- [What to do] Once the pictures are set aside, transcribe each line of the data exactly.

═════ Source material

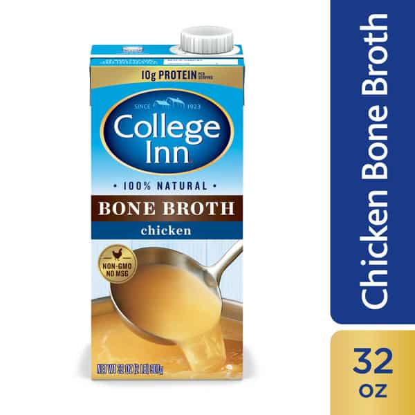 COLLEGE INN 100% Natural Chicken Bone Broth is made with the highest quality ingredients, giving this chicken stock the rich flavor that elevates any homemade meal. This Non-GMO* soup base features no artificial flavors, preservatives or added MSG** for a chicken broth you and your family can trust. Enjoy the delicious taste of simmered chicken and farm grown vegetables in this COLLEGE INN chicken broth. From savory chicken noodle soup to easy one-pot meals like white chicken chili, chicken and rice, and other family favorites, use this soup stock to create homemade meals that bring people together. Each carton of COLLEGE INN bone broth features a twist off, resealable top, so you can easily reuse this chicken broth for your next home cooked meal. Keep unused chicken stock in the refrigerator after opening. Make every dish even more delicious with COLLEGE INN Chicken Bone Broth. *Ingredients of the types used in this product are not genetically modified. **A small amount of glutamate occurs naturally in yeast extract.
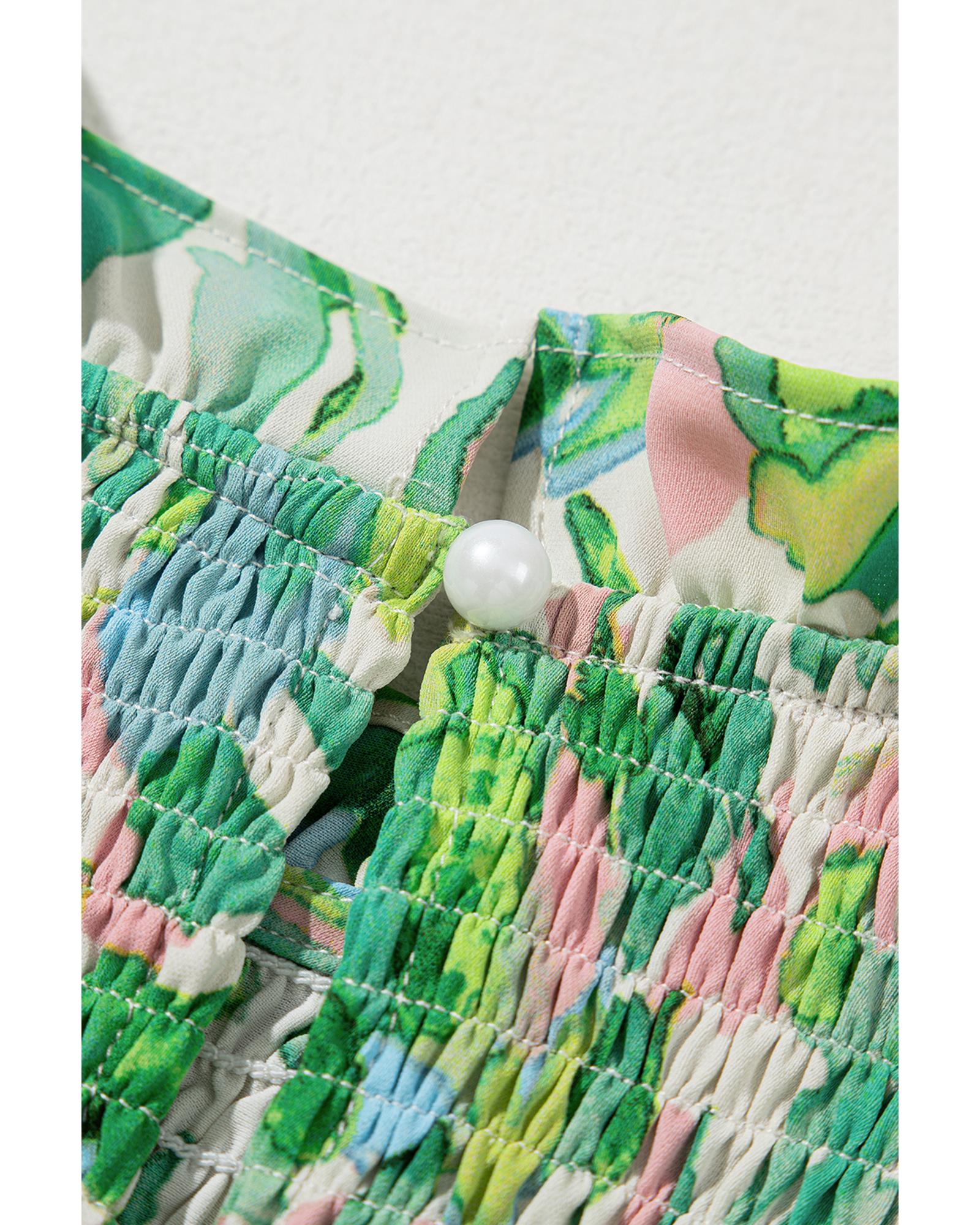 Green Leafy Printed Flounce Sleeve Shirred Mock Neck Blouse – L
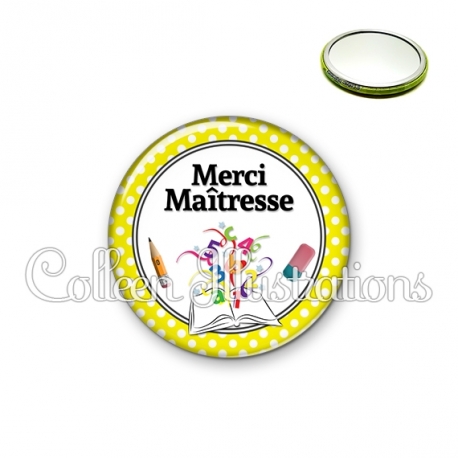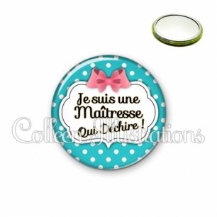 Miroir simple avec dos métallique décoré d'une image fantaisie et texte.

══════════

- [Your response]
 COLLEGE INN 100% Natural Chicken Bone Broth is made with the highest quality ingredients, giving this chicken stock the rich flavor that elevates any homemade meal. This Non-GMO* soup base features no artificial flavors, preservatives or added MSG** for a chicken broth you and your family can trust. Enjoy the delicious taste of simmered chicken and farm grown vegetables in this COLLEGE INN chicken broth. From savory chicken noodle soup to easy one-pot meals like white chicken chili, chicken and rice, and other family favorites, use this soup stock to create homemade meals that bring people together. Each carton of COLLEGE INN bone broth features a twist off, resealable top, so you can easily reuse this chicken broth for your next home cooked meal. Keep unused chicken stock in the refrigerator after opening. Make every dish even more delicious with COLLEGE INN Chicken Bone Broth. *Ingredients of the types used in this product are not genetically modified. **A small amount of glutamate occurs naturally in yeast extract.
 Green Leafy Printed Flounce Sleeve Shirred Mock Neck Blouse – L
 Miroir simple avec dos métallique décoré d'une image fantaisie et texte.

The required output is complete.